# Riding near Fort Collins



## Otto Maddox (Aug 26, 2010)

hey everyone!

my friend is trying to get a job in the Fort Collins, Co area and is looking for people to move out with him if he gets the job.

what all riding is around? i looked at a map and it seems that all the bigger names in mnts are pretty far away.

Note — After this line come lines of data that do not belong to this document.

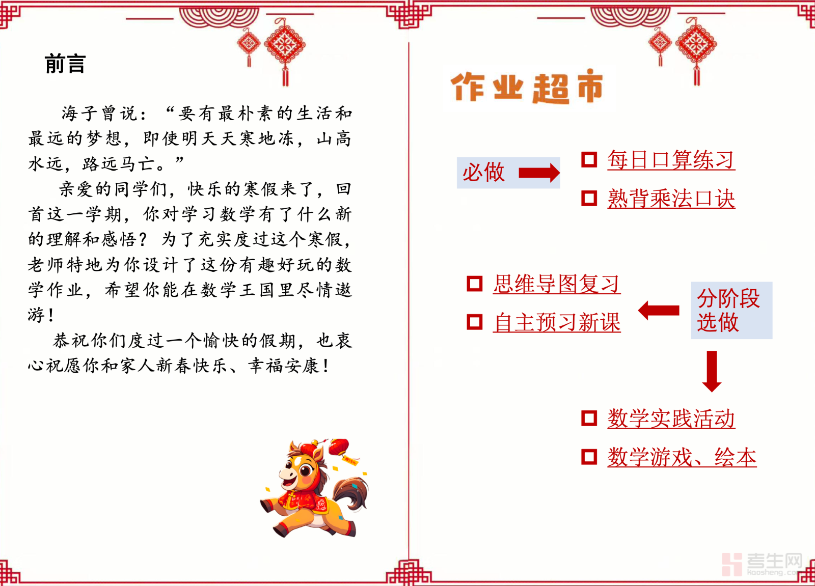 适配二年级学生寒假数学实践运用、知识巩固与思维启蒙需求,打造专属数学特色实践作业,打破传统刷题模式,是假期夯实数学基础、提升实践应用能力的优质学习资料。本资料紧扣二年级数学核心知识点,将抽象的数学知识与日常生活动趣结合,设计动手操作、生活计数、单位认知、图形拼搭等多样实践任务,覆盖表内乘除法、长度单位、角的认识、数据收集等核心模块,任务简单易操作、形式生动,兼顾知识巩固与思维启蒙。针对性解决数学学习枯燥、知识运用能力弱、实践兴趣不足等问题,适配居家自主完成、亲子协作探究等场景,助力在实践中理解数学,培养数学应用思维与动手能力,为新学期学习蓄能。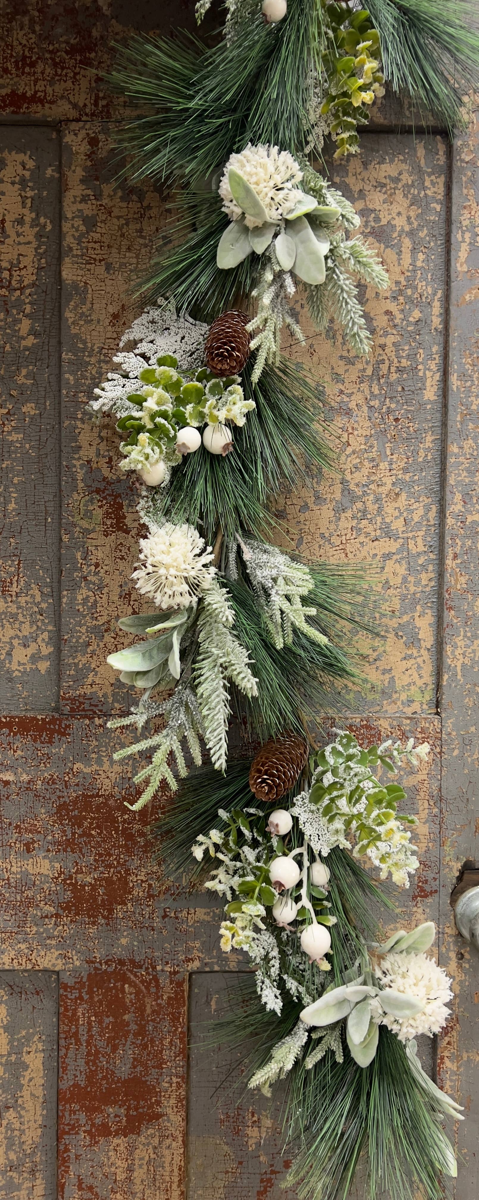 Discover the magic of the winter season with our Winter Whisper Garland. This exquisite piece is designed to bring a whimsical touch to your home or event, capturing the serene beauty of winter in a delicate, yet striking way.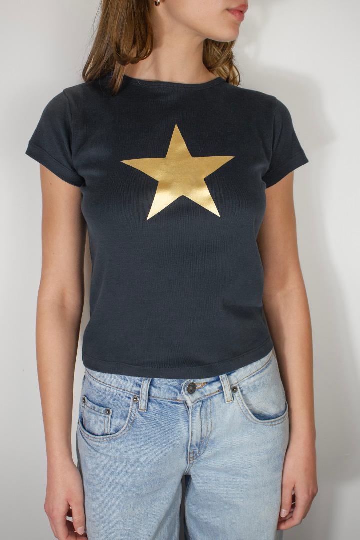 T-shirt with star print, crew neckline, short sleeves, regular length, relaxed fit.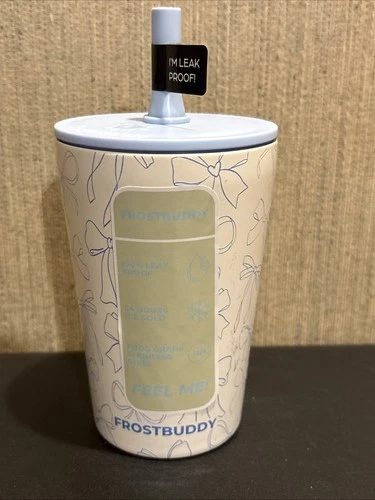 FrostBuddy Kids Stainless Steel Blue Bow Tumbler Cup Lid Straw NEW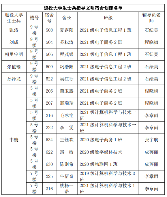 澳门十大信誉好的网站退役大学生士兵指导文明宿舍创建名单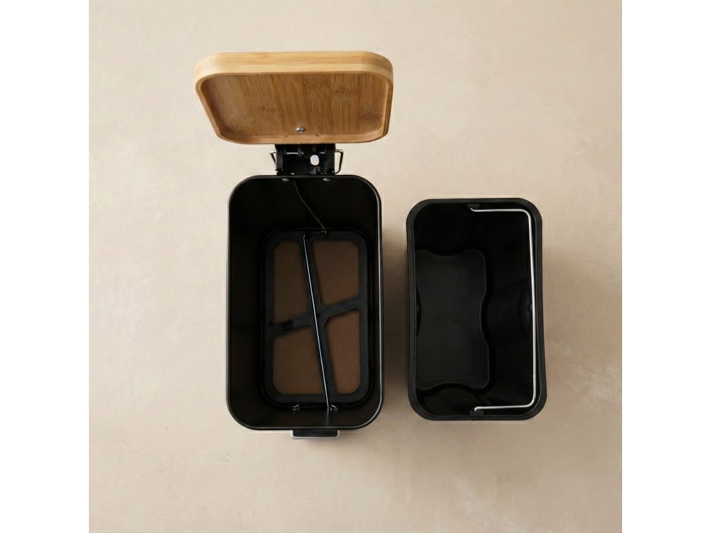 - Vyjímatelný vložka: Vnitřní kbelík s držadlem umožňuje rychlé a hygienické vyprázdnění obsahu bez nutnosti přenášení celého koše.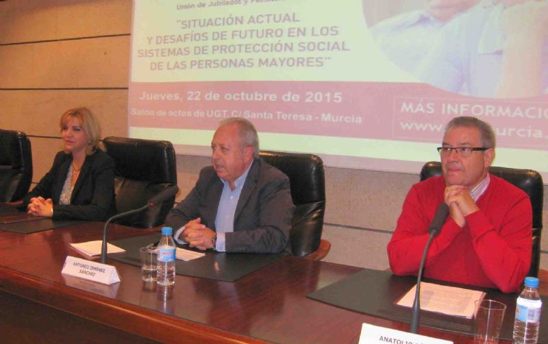 En la jornada, organizada con el objetivo de intentar evaluar la situación actual de los distintos sistemas de protección social dirigidos a personas mayores y su trascendencia en el ámbito de la Región de Murcia, participaron además distintos responsables políticos, de la administración pública y del sindicato.
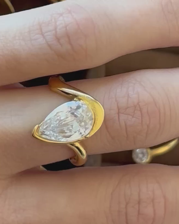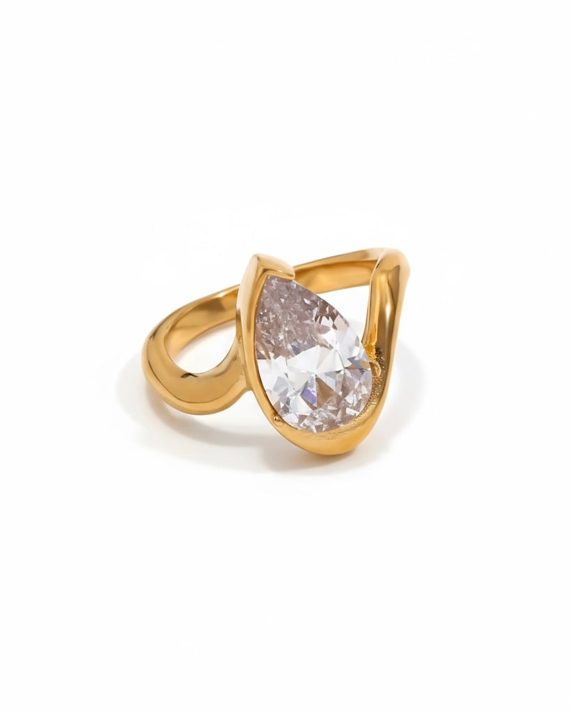 A little sparkle goes a long way. This ring wraps a chunky gold band around a bold teardrop-cut atone for a look that's effortless but still eye-catching. Perfect for stacking, dressing up, or just making your everyday outfit pop.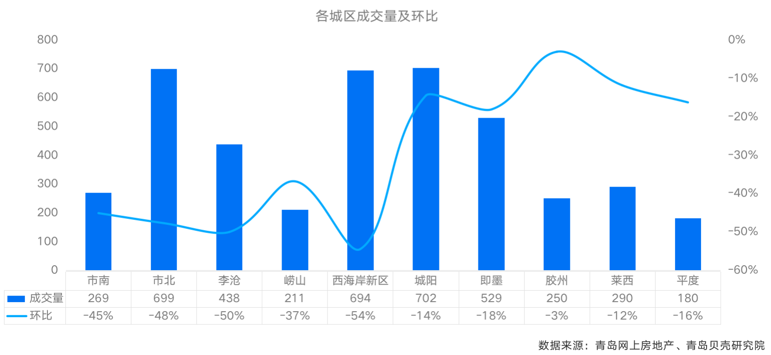 李沧区7月新房共计成交538套,新房成交均价21284元/㎡,占比全市总成交量的4.09%;崂山区7月共计成交新房438套,新房成交均价45773元/㎡,占比全市总成交量的3.33%;市北区7月共计成交新房175套,新房成交均价30334元/㎡,占比全市总成交量的1.33%;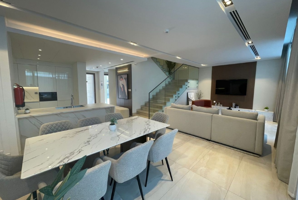Wake up to calming water views and enjoy your morning coffee on the sun-lit balcony, the perfect spot to relax and unwind. The villa features a fully equipped modern kitchen with high-quality appliances, ideal for both everyday cooking and entertaining. Built-in wardrobes provide ample storage, while the central air-conditioning system ensures consistent comfort throughout the home.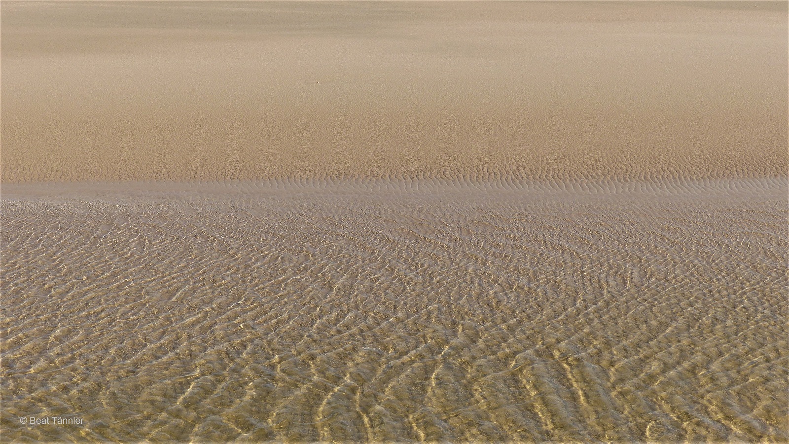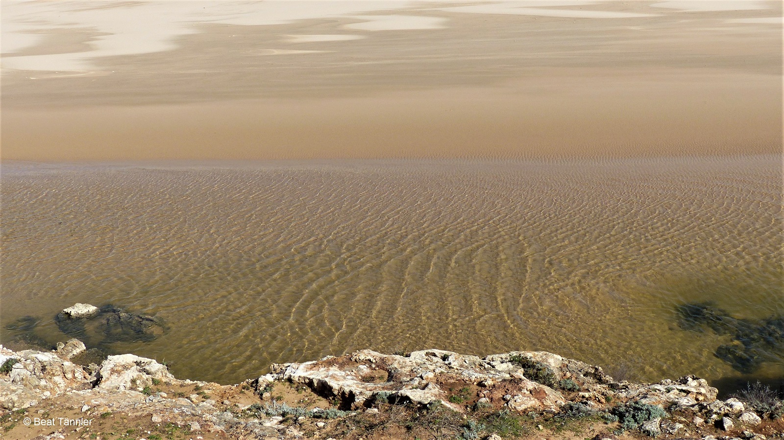 Doch am Rande des Gewässers geht es ruhiger, fast schon poetisch zu. In einer kleinen Pfütze spiegeln sich das umliegende Gestein als wären es hohe Berge.

any help is greatly appreciated!


----------



## linvillegorge (Jul 6, 2009)

Yeah, unfortunately in FC you're a haul from any big mountains. Eldorado will be the closest at about an hour and a half or so, but is kind of lame. Loveland will be about 2 hours and is a good mountain. Summit County will be about 2 1/2 hours. All of these times are considering good weather and no traffic. During winter, with the weather and often brutal weekend traffic, all bets are off. If you're going to be living in FC you better hope you can ride during the week. If you can, it's doable, but if you have to ride weekends I suggest getting your backcountry skills up to par.


----------



## Otto Maddox (Aug 26, 2010)

linvillegorge said:


> Yeah, unfortunately in FC you're a haul from any big mountains. Eldorado will be the closest at about an hour and a half or so, but is kind of lame. Loveland will be about 2 hours and is a good mountain. Summit County will be about 2 1/2 hours. All of these times are considering good weather and no traffic. During winter, with the weather and often brutal weekend traffic, all bets are off. If you're going to be living in FC you better hope you can ride during the week. If you can, it's doable, but if you have to ride weekends I suggest getting your backcountry skills up to par.


lamesauce! 

thanks for the word man!


----------



## daysailer1 (Nov 9, 2007)

There's *Steamboat Ski Resort* 

From Ft Collins to Steamboat Springs
Take CO 14 West, through Poudre Canyon, over Cameron Pass until Walden, CO. Take CO 14 (toward Steamboat springs) until US 40, and turn right (West) over Muddy and Rabbit Ears Passes to Steamboat Springs. 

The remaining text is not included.